I have a couple different pairs of 2x18650 holders (with clips only no wires) "free samples" coming from Keystone Electronics to see how they fit/work. I'm still leaning towards the round style and have plans to make a somewhat waterproof "cartridge" and cap system with a waterproof cable gland in the cap. The issue will be to make it compact enough to fit a MagicShine battery bag.


----------



## Ofroad'bent (Jul 10, 2010)

tv-kid said:


> I bought 5 of these from ebay / hongkong
> 
> 5 Battery Box Holder Case 2 x 18650 with 6'' Leads | eBay
> 
> ...


I got some similar to this, but I doubled up the wires as they're pretty thin.


----------



## phburns (Sep 30, 2008)

What cad package are you using?

I've modeled the keystone #209 clips in Inventor, I can e-mail if you want it.



mntn-biker said:


> I have a couple different pairs of 2x18650 holders (with clips only no wires) "free samples" coming from Keystone Electronics to see how they fit/work.

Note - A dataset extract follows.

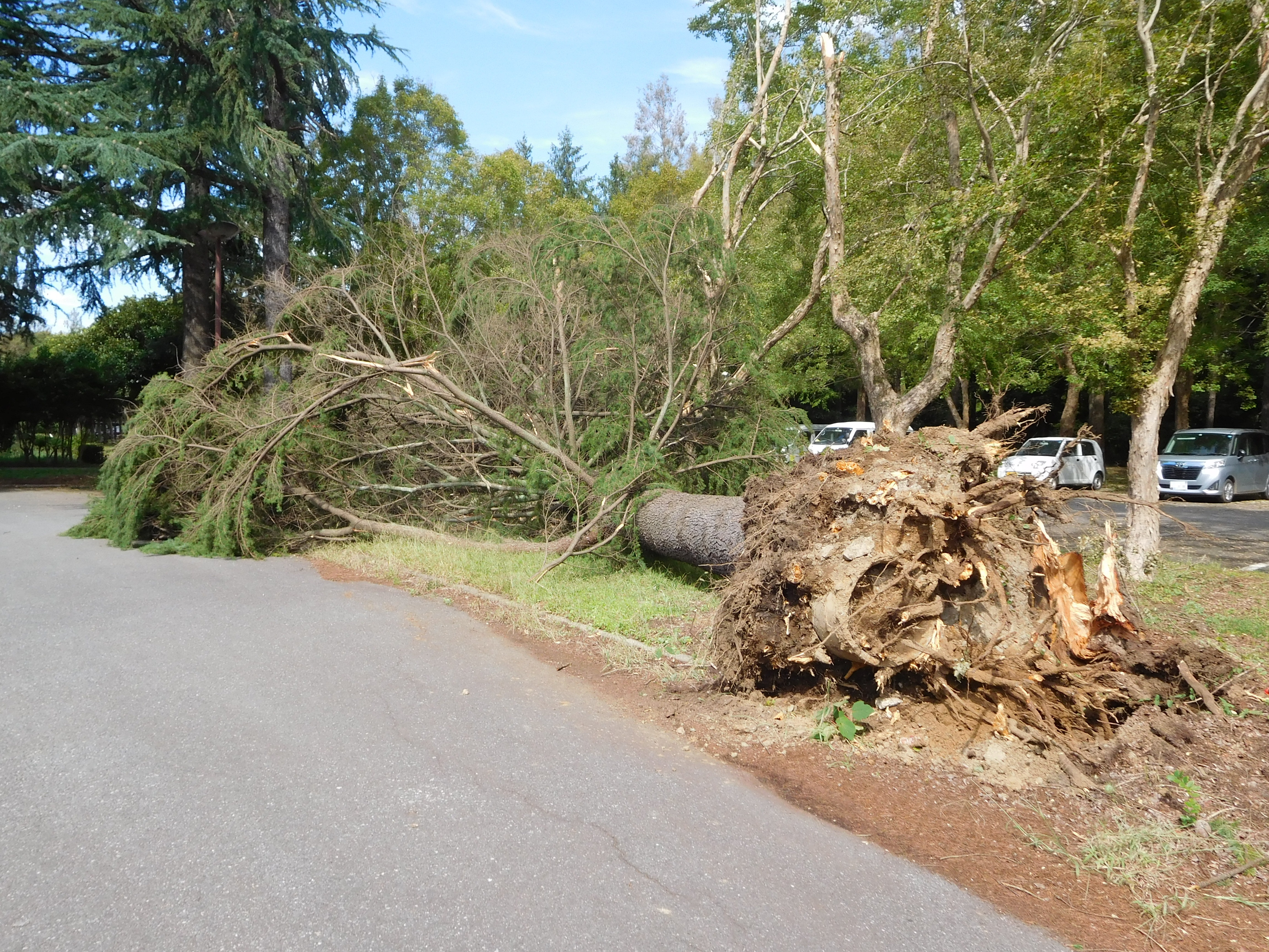 This is a fallen tree damaged by Typhoon Trami (2018). It is in Tsukuba, Ibaraki, Japan.

I'm still leaning towards the round style and have plans to make a somewhat waterproof "cartridge" and cap system with a waterproof cable gland in the cap. The issue will be to make it compact enough to fit a MagicShine battery bag.


----------



## mntn-biker (Sep 12, 2010)

phburns said:


> What cad package are you using?
> 
> I've modeled the keystone #209 clips in Inventor, I can e-mail if you want it.


I'm using Catia.

I actually have a request into my contact at Keystone and he is getting me a step file of that clip. I will message you if that falls thru but I've signed and e-mailed a non-disclosure agreement from them already on it so I'm thinking I will be getting it from them.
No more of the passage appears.